Twelve Days of Christmas 2024, Part I: All is right with a Lite Brite

The LIte-Brite was one of our big gifts in 1981.

I’ve written in this space about nearly flunking kindergarten. If not for my father stepping in and telling Mrs. Booth “no,” I would have spent another year intentionally circling the wrong elephant on worksheets and graduated a year later from high school and college.

My grades really didn’t improve until the third grade in 1984-85. Two years earlier, I got through my first two quarters of the first grade in tiny Anderson, Missouri, with a few C-minuses and a slew of Ds.

I can’t even remember my first-grade teacher’s name (any classmates reading this, please send me a message), but I do remember she was a kind, elderly woman and seemed to like me, even if I wasn’t a very good student.

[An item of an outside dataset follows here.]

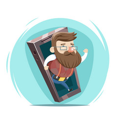 A stylized illustration of a man with a beard and glasses, wearing a vest and jeans, is depicted inside a smartphone. The man is holding the phone with his right hand, and his left hand is resting on the phone. The phone is floating in a blue background with a circular motion effect around it. | hipster wave hand mobile phone cartoon design vector image | b5fde7213c0f0f87783d8679d56aaf505a96f1b6ab34e18e5c6bb63dde97f9ea | 001065741065 | 0 | 0 | 55 | 9 | 0 | 0 | |

That was also the year we spent the holidays with the Halls, a wonderful family who took care of my brother and I while my father worked 20-hours days at a Christmas show that essentially covered one-half of the family’s annual income.

The previous year, Mom and Dad were so busy trying to keep up with their craft show in Joplin that we spent a decent amount of time staying with my Aunt Donna and Uncle Wayne.

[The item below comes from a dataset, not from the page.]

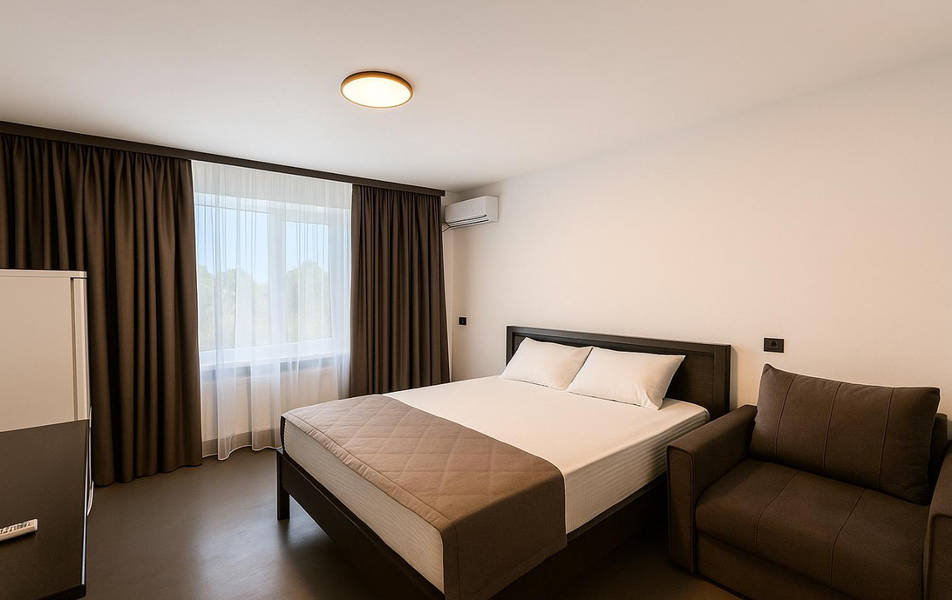 Гостям предлагаются уютные «Улучшенные» номера, некоторые с отдельным входом. Каждый номер оснащён современным ремонтом, кондиционером и беспроводным Wi-Fi. Вокруг отеля работают рестораны и столовые с блюдами кубанской и европейской кухни. Доброжелательный персонал всегда готов помочь с организацией экскурсий или трансфера.

“Your mom was working the show, and I was working 16 to 20 hours a day to make the stained glass,” Dad said. “We were trying to keep up with the demand. We’d never made that much money before on stained glass or anything else.”

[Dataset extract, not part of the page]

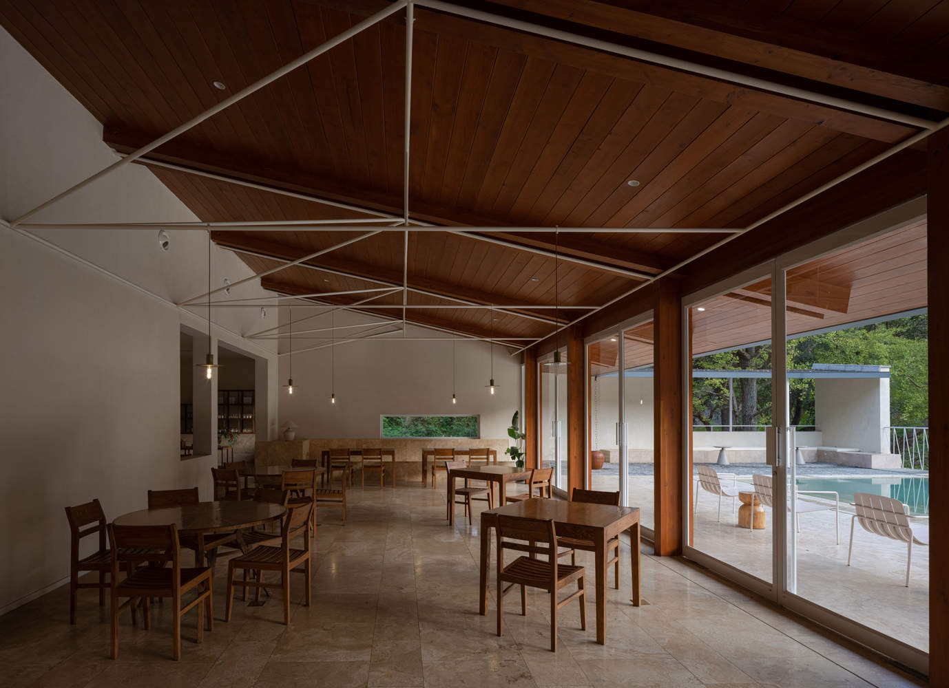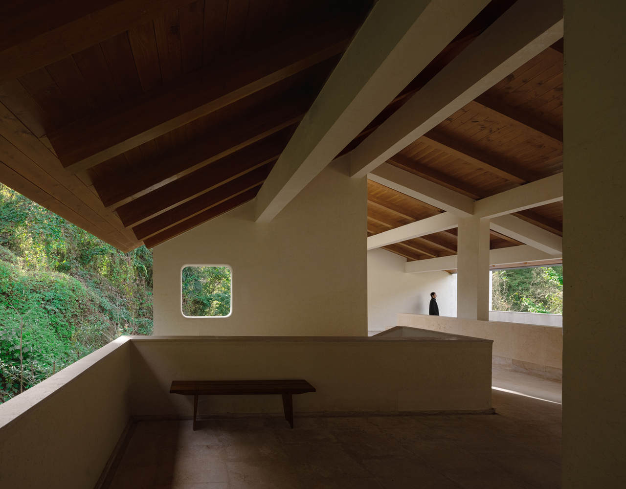 开放的景观茶亭以暗色调的木结构、烧杉木瓦和本地毛石构筑,隐身在两个白房子—— 咖啡厅和客房之间。

To be clear, that wasn’t exactly a fortune. It was enough to give my brother and I a generous Christmas and get us through the winter months, during which there were no craft shows.

What little I remember about my brother and I’s stay with our aunt, uncle and cousins is that I was in trouble often, and the punishment usually entailed being put in a bedroom with nothing to do for quite a while.

One of those punishments came after Dan (my brother) and I decided it would be a great idea to get into a Christmas present early. All it took was for our aunt, uncle and cousins to step outside for five minutes. In a matter of seconds, we had a present open. Imagine our disappointment when we unearthed a T-shirt.

I was 5 and Dan a few weeks shy of 4, so neither of us was an expert at wrapping presents. I can still see it sitting there, with the ends wound up like the outside of a Double Bubble wrapper and a butchered tape job. That little stunt bought us an hour in that boring, lonesome bedroom.

My other memory of that Christmas is that my parents were so busy that they didn’t have time to wrap presents. We arrived home from Columbia, where Aunt Donna and Uncle Wayne lived, on the morning of the big day, and the old man walked us to our bedroom, where all our gifts had been placed on the floor.

Not opening presents took some of the excitement out of Christmas, but that “disappointment” didn’t last long, especially considering we each scored our first bicycles (each a Huffy) and a Lite-Brite, which, ironically, helped me learn to read better, make shapes more interesting and scrape by in kindergarten.